(Stored items)
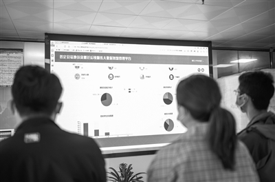 贵州省安顺市普定县采用大数据助推易地搬迁安置点智慧化管理。图为来访者在参观普定县易地扶贫搬迁后续服务大数据智慧管理平台。 新华社记者 陶亮 摄
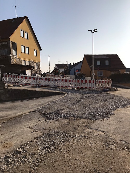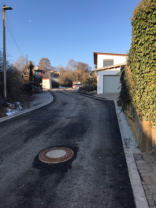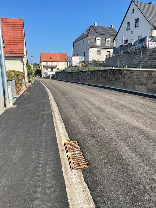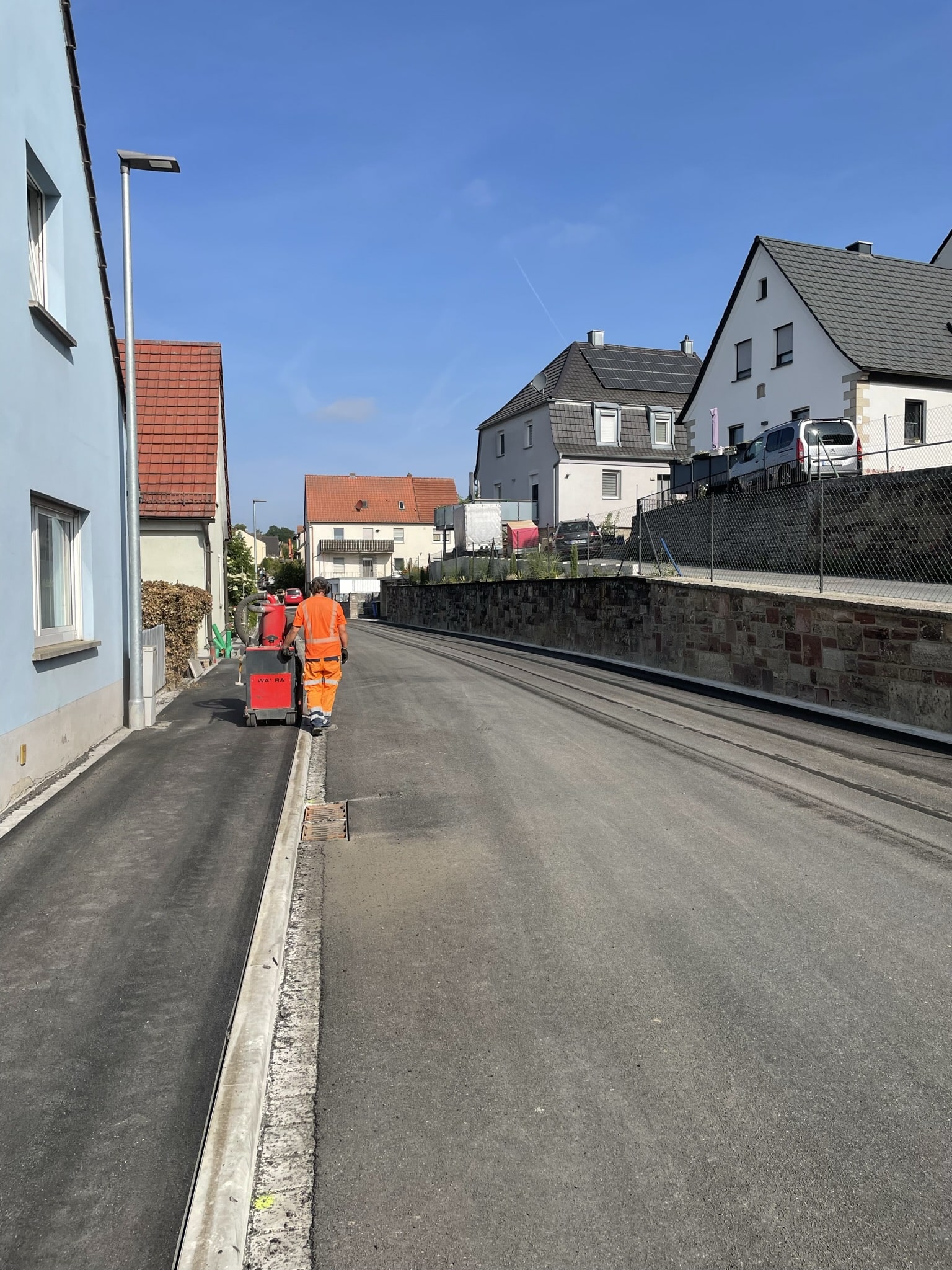 Die Fa. Burger Bau ist aktuell mit den Angleichungen der privaten Zugänge und Hofflächen beschäftigt, dies wird noch ca. 3-4 Wochen andauern.
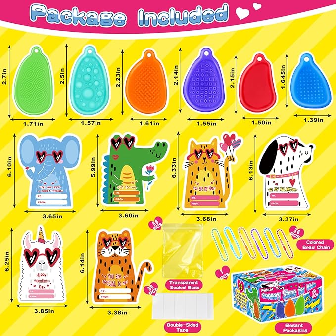 - Super Value Pack - Our 36 Packs Sensory Worry Stones with Gift Cards Set includes 36 cute animals cards with 6 designs and 36 Fidget Toys Sensory Stones, 36 pcs Transparent sealed bags and 36 double-sided glues & Ball chain
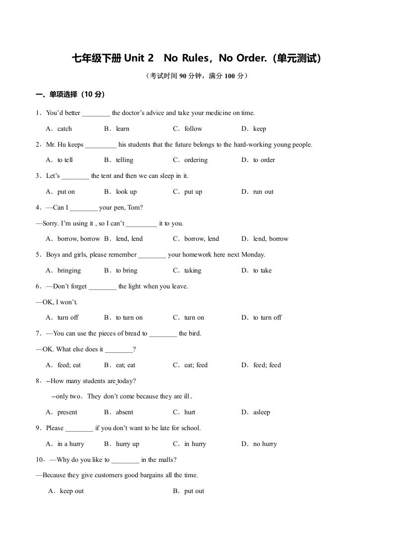 七下英语 Unit 2 No Rules , No Order (单元测试)(含答案)QXYYRJ-0191
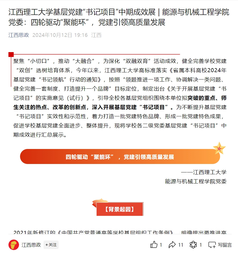 3.教学科研取得新进展。能源与机械工程学院党委坚持以打造“聚能环”党建品牌为契机,将党建和业务工作相融合、系部与支部力量相聚合、科研与实践相结合、“校企政院”相汇合,着力提升学院核心竞争力。今年以来,学院成功申报并获批专业硕士学位点1个、江西省重点实验室1个,省部级及以上科研项目7项、出版著作4部,发表高水平论文15篇。潘小青教授主编的两门课程分获江西省“十四五”普通高等教育本科省级规划教材重点立项项目和第六届江西省普通高等学校优秀教材二等奖。帅词俊教授主持的《可降解骨植入物的可控制备与功能设计研究》荣获江西省科学技术奖自然科学奖一等奖,科技成果转化成效屡创新高,增材制造团队“可降解复合材料增材制造工艺开发与应用中试项目”技术成果转化额高达1132.14万元。
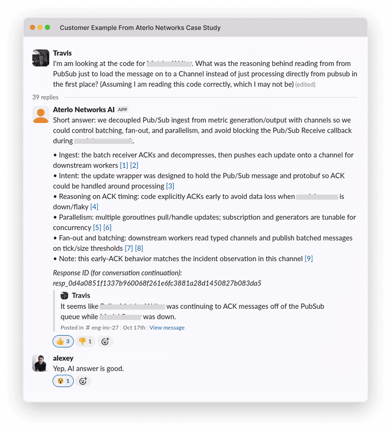 One morning in a Slack channel at Aterlo Networks, Travis, a developer, asked a question that would normally require an engineer with expertise in another area of the platform: "What was the reasoning behind reading from PubSub to load the message onto a Channel instead of processing directly from PubSub in the first place?"

Problem description
The answer must consist solely of the lines from the first line of the records through the line containing "- Super Value", reproduced exactly and without the pictures.

Solution for this exercise
 贵州省安顺市普定县采用大数据助推易地搬迁安置点智慧化管理。图为来访者在参观普定县易地扶贫搬迁后续服务大数据智慧管理平台。 新华社记者 陶亮 摄
 Die Fa. Burger Bau ist aktuell mit den Angleichungen der privaten Zugänge und Hofflächen beschäftigt, dies wird noch ca. 3-4 Wochen andauern.
 - Super Value Pack - Our 36 Packs Sensory Worry Stones with Gift Cards Set includes 36 cute animals cards with 6 designs and 36 Fidget Toys Sensory Stones, 36 pcs Transparent sealed bags and 36 double-sided glues & Ball chain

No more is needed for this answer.